**Assignment:** Please return every line of the material verbatim and skip any images.

**Exercise material:**
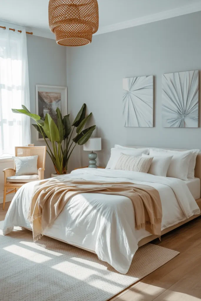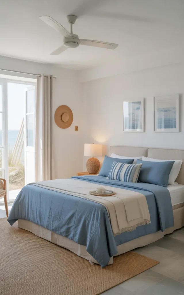 This balance gives your bedroom a soft, coastal charm that feels both relaxing and modern.
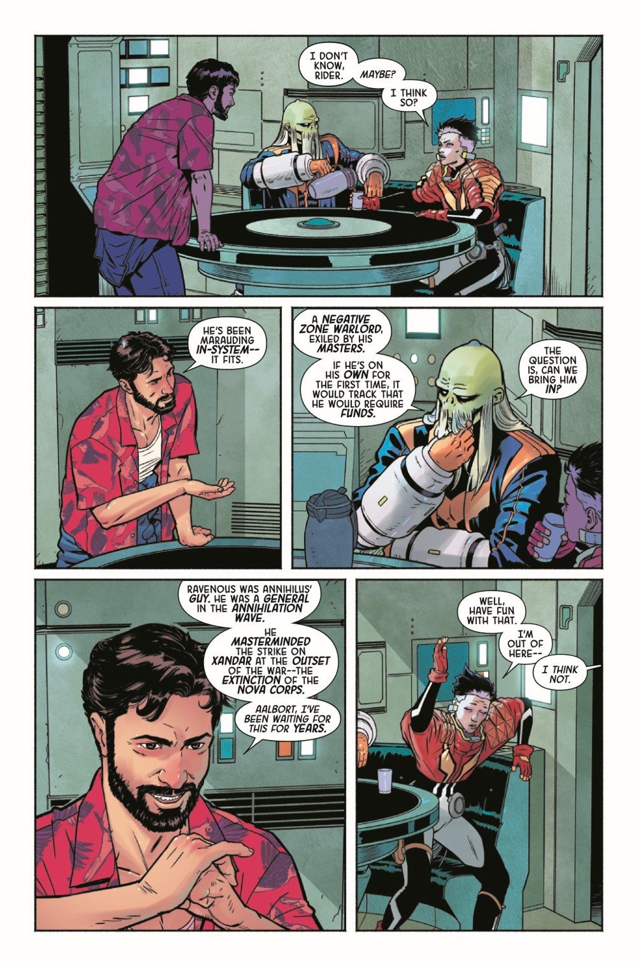 RAVENOUS! Taking a job for the gangsters of the Kree/Skrull War, Nova hunts a mysterium thief. But business becomes personal when the trail leads to an old nemesis, and the opportunity to settle old scores going back to the Annihilation War becomes worth more than any reward. Enter the murderer of untold Nova Corpsmen: Ravenous!
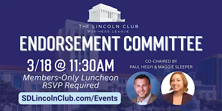 This event is open to current Lincoln Club members and their guests. Questions about membership? Please contact Dena Cruden, at Dena@SDLincolnClub.com.
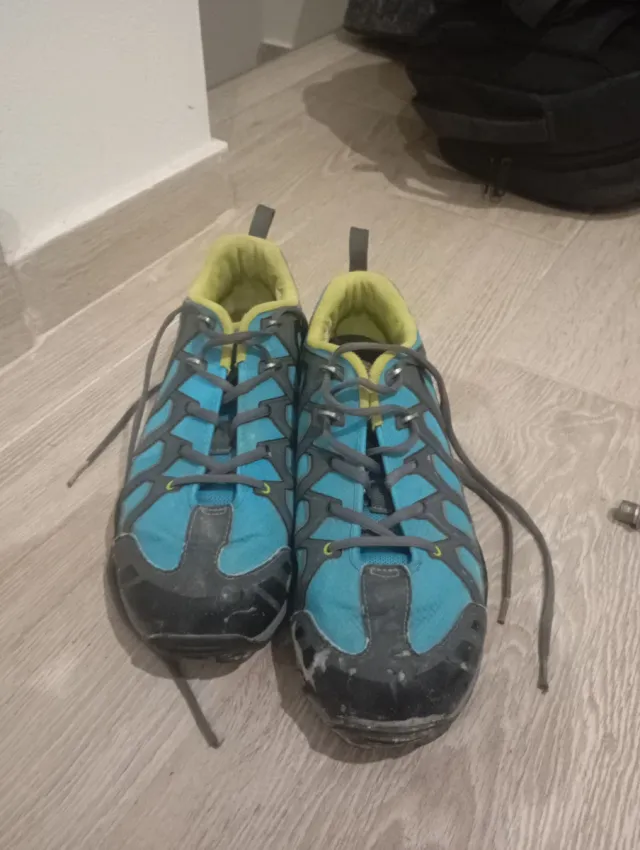 Zapatillas de ciclismo para montaña. Junto con los pedales 50€ - Color azul y gris. - Cierre con cordones.
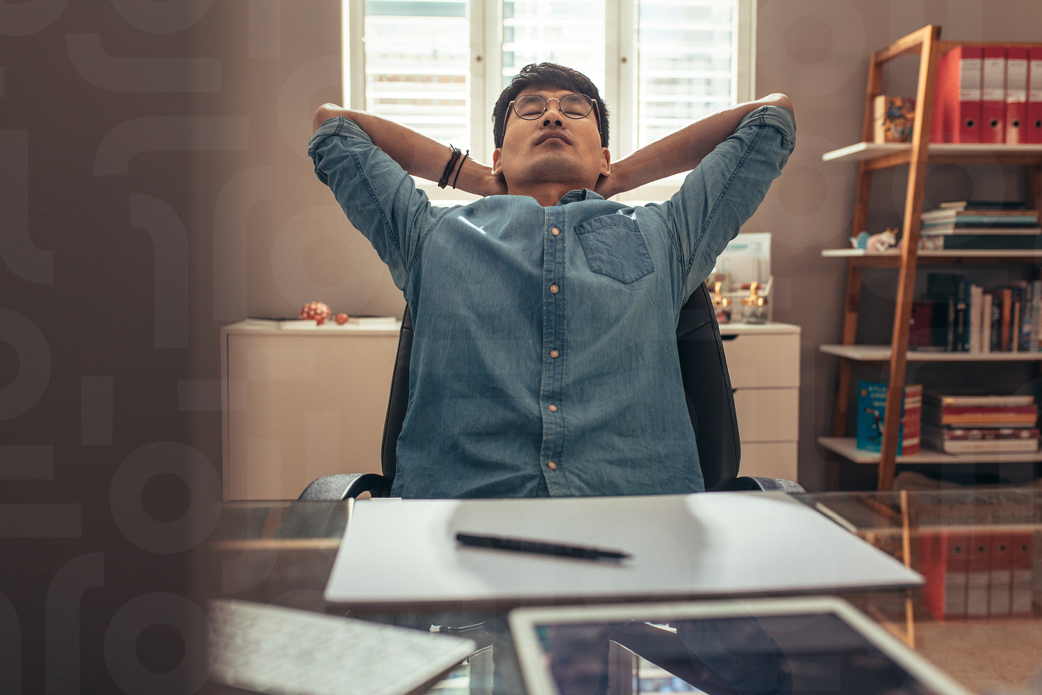 Creative professional sitting at his office, reclining in chair with hands behind head and eyes closed. Designer taking break from work at his desk.
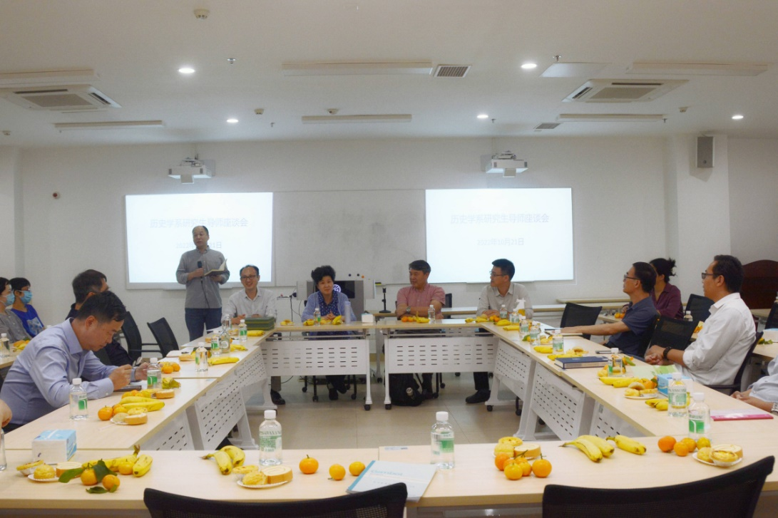 10月21日下午,历史学系师德建设主题教育暨研究生导师座谈会在广州校区南校园永芳堂433会议室召开,系领导、各专业方向的研究生导师、学工老师、教务老师等参加会议。会议由系副主任江滢河教授主持。

**Reply:**
 This balance gives your bedroom a soft, coastal charm that feels both relaxing and modern.
 RAVENOUS! Taking a job for the gangsters of the Kree/Skrull War, Nova hunts a mysterium thief. But business becomes personal when the trail leads to an old nemesis, and the opportunity to settle old scores going back to the Annihilation War becomes worth more than any reward. Enter the murderer of untold Nova Corpsmen: Ravenous!
 This event is open to current Lincoln Club members and their guests. Questions about membership? Please contact Dena Cruden, at Dena@SDLincolnClub.com.
 Zapatillas de ciclismo para montaña. Junto con los pedales 50€ - Color azul y gris. - Cierre con cordones.
 Creative professional sitting at his office, reclining in chair with hands behind head and eyes closed. Designer taking break from work at his desk.
 10月21日下午,历史学系师德建设主题教育暨研究生导师座谈会在广州校区南校园永芳堂433会议室召开,系领导、各专业方向的研究生导师、学工老师、教务老师等参加会议。会议由系副主任江滢河教授主持。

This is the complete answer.